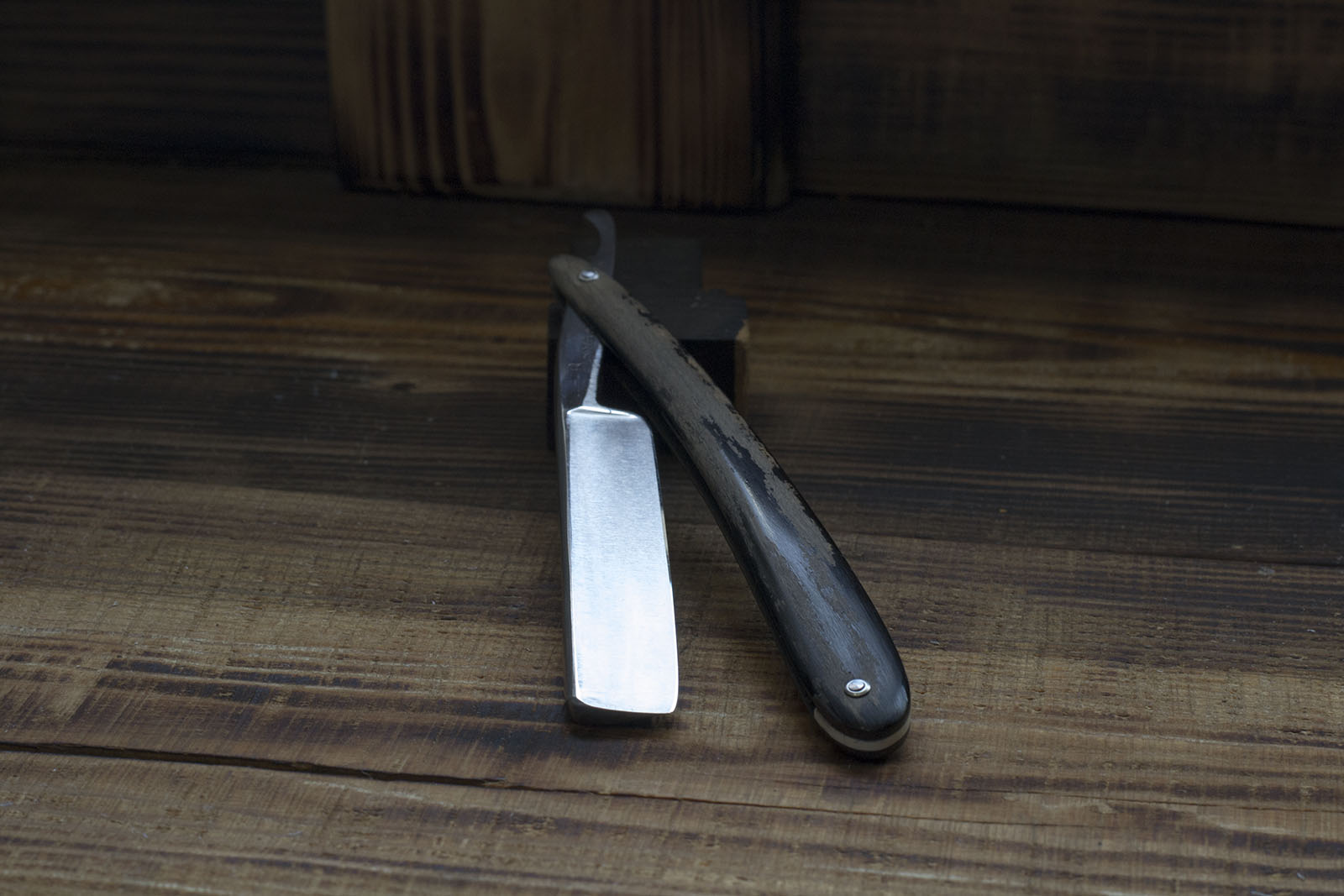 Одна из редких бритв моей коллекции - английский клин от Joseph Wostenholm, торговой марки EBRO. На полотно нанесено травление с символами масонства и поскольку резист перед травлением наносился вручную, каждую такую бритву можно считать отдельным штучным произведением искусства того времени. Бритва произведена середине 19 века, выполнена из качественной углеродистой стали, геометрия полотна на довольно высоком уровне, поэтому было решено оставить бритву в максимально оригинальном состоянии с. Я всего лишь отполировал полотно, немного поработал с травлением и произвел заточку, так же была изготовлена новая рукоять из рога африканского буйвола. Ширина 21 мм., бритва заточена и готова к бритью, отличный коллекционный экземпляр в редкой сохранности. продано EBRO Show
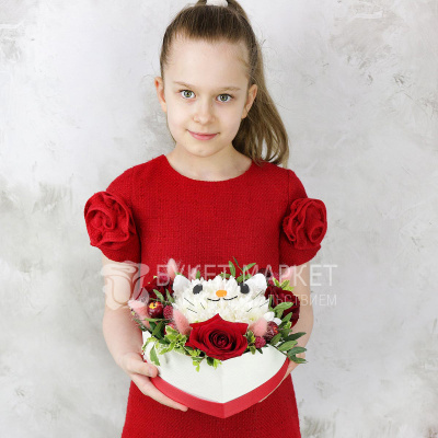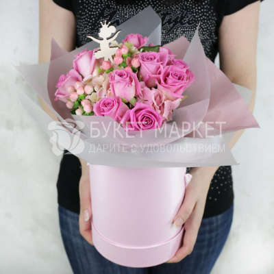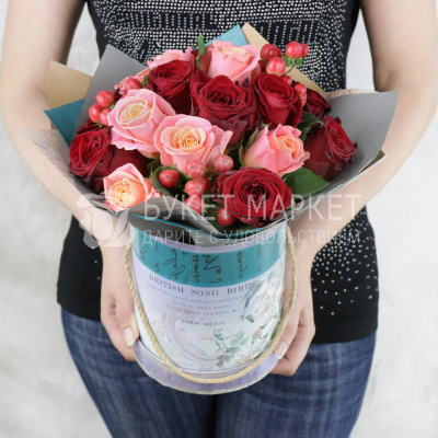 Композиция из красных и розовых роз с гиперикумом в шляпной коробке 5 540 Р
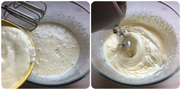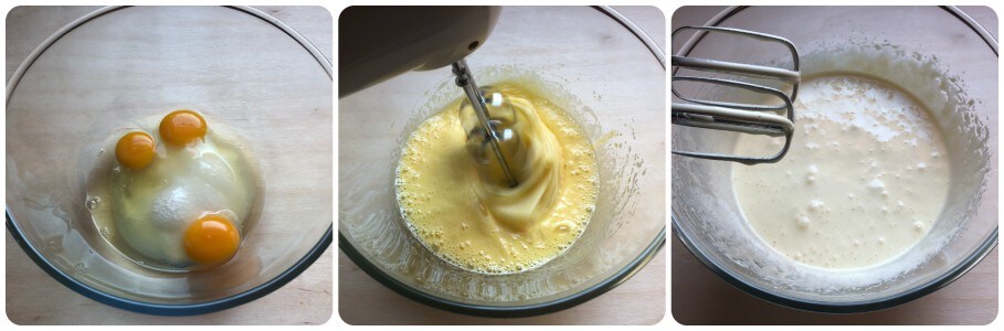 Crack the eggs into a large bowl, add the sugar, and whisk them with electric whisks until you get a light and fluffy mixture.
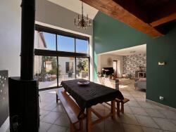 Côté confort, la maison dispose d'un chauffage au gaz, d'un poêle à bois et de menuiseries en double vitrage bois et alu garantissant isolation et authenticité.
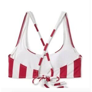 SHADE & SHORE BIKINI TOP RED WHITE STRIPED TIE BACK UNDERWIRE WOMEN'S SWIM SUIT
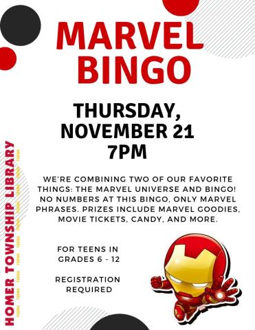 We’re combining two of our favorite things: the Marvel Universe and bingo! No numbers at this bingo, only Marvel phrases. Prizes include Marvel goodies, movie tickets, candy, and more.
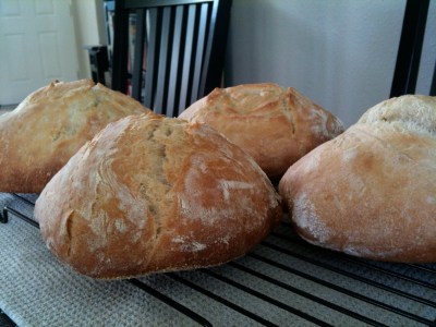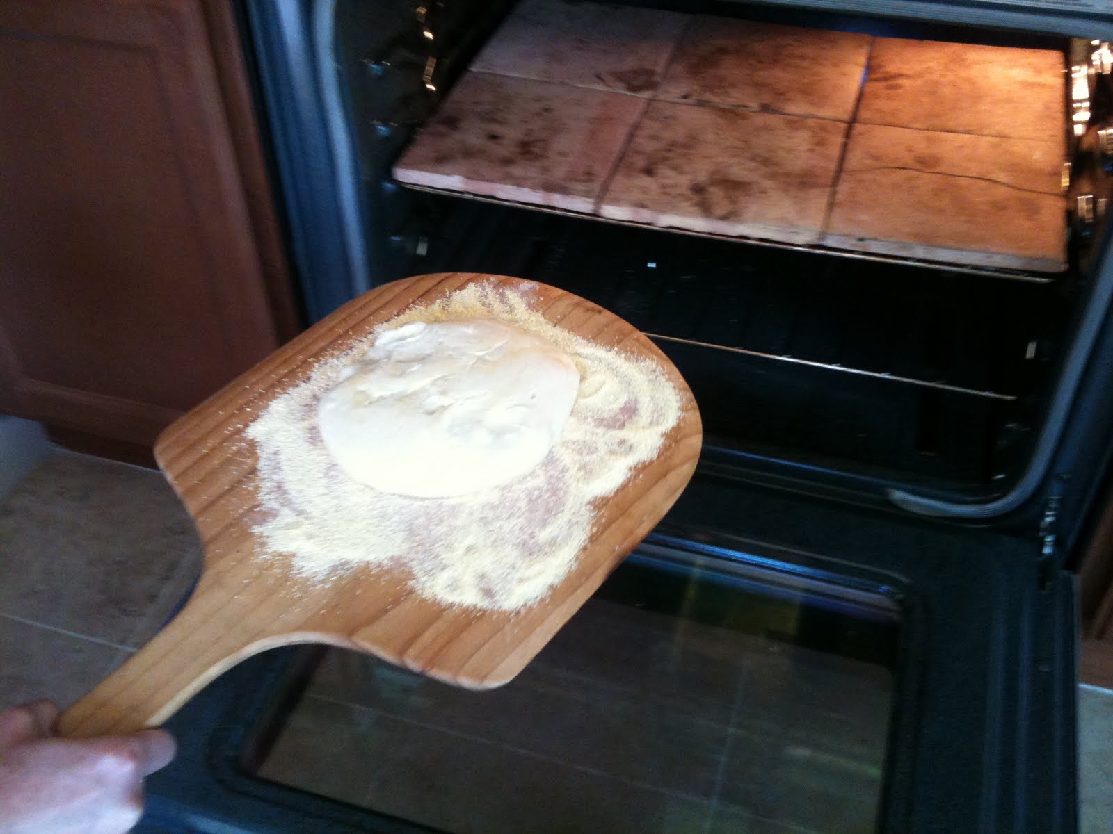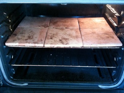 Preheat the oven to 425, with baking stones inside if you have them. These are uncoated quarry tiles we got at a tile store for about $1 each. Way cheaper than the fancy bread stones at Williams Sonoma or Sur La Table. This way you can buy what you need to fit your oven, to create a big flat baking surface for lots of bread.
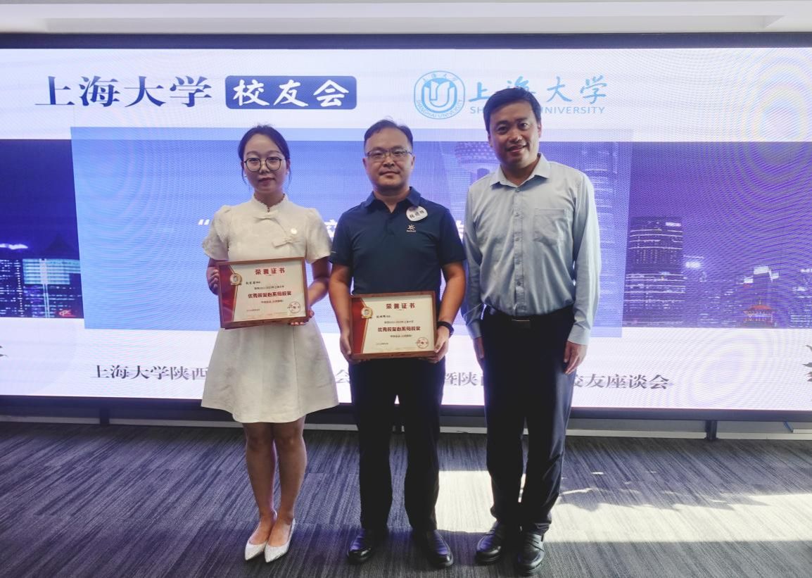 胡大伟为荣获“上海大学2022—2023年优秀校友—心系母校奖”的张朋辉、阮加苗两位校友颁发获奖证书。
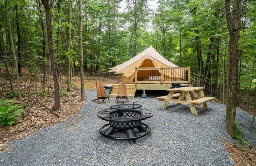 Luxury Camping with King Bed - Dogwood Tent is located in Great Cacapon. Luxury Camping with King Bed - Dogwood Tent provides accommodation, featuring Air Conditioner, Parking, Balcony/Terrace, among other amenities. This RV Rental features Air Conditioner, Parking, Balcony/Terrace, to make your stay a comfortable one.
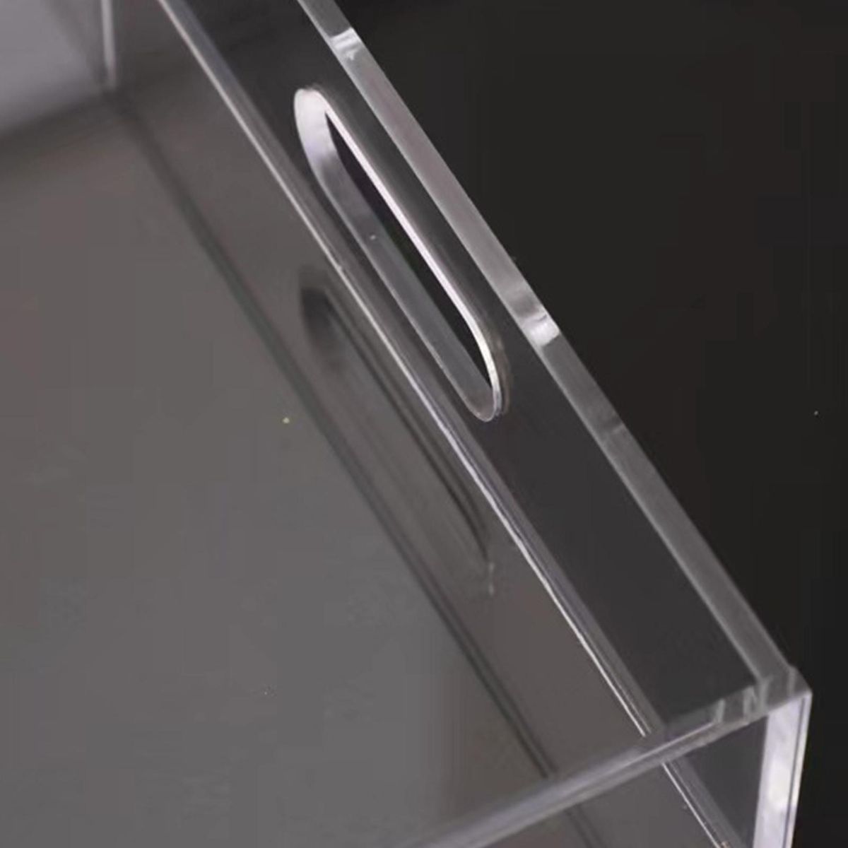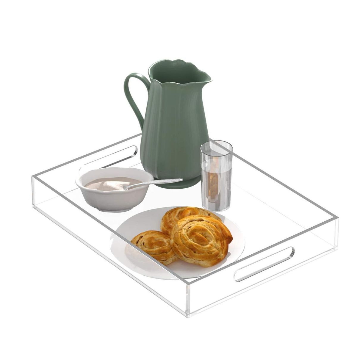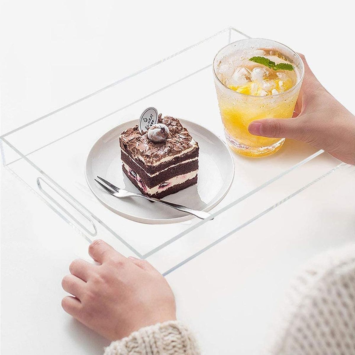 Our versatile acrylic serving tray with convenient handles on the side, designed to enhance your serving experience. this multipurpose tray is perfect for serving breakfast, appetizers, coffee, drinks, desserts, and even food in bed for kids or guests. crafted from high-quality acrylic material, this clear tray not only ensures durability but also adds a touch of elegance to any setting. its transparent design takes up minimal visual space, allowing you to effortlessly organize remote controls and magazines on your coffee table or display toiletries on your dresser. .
━━━
> WORK TO BE COMPLETED
Go from the first line of the listing to the line holding "We’re combining two" and, please, transcribe those lines exactly, both included, with no pictures.

> TASK ANSWER
 Одна из редких бритв моей коллекции - английский клин от Joseph Wostenholm, торговой марки EBRO. На полотно нанесено травление с символами масонства и поскольку резист перед травлением наносился вручную, каждую такую бритву можно считать отдельным штучным произведением искусства того времени. Бритва произведена середине 19 века, выполнена из качественной углеродистой стали, геометрия полотна на довольно высоком уровне, поэтому было решено оставить бритву в максимально оригинальном состоянии с. Я всего лишь отполировал полотно, немного поработал с травлением и произвел заточку, так же была изготовлена новая рукоять из рога африканского буйвола. Ширина 21 мм., бритва заточена и готова к бритью, отличный коллекционный экземпляр в редкой сохранности. продано EBRO Show
 Композиция из красных и розовых роз с гиперикумом в шляпной коробке 5 540 Р
 Crack the eggs into a large bowl, add the sugar, and whisk them with electric whisks until you get a light and fluffy mixture.
 Côté confort, la maison dispose d'un chauffage au gaz, d'un poêle à bois et de menuiseries en double vitrage bois et alu garantissant isolation et authenticité.
 SHADE & SHORE BIKINI TOP RED WHITE STRIPED TIE BACK UNDERWIRE WOMEN'S SWIM SUIT
 We’re combining two of our favorite things: the Marvel Universe and bingo! No numbers at this bingo, only Marvel phrases. Prizes include Marvel goodies, movie tickets, candy, and more.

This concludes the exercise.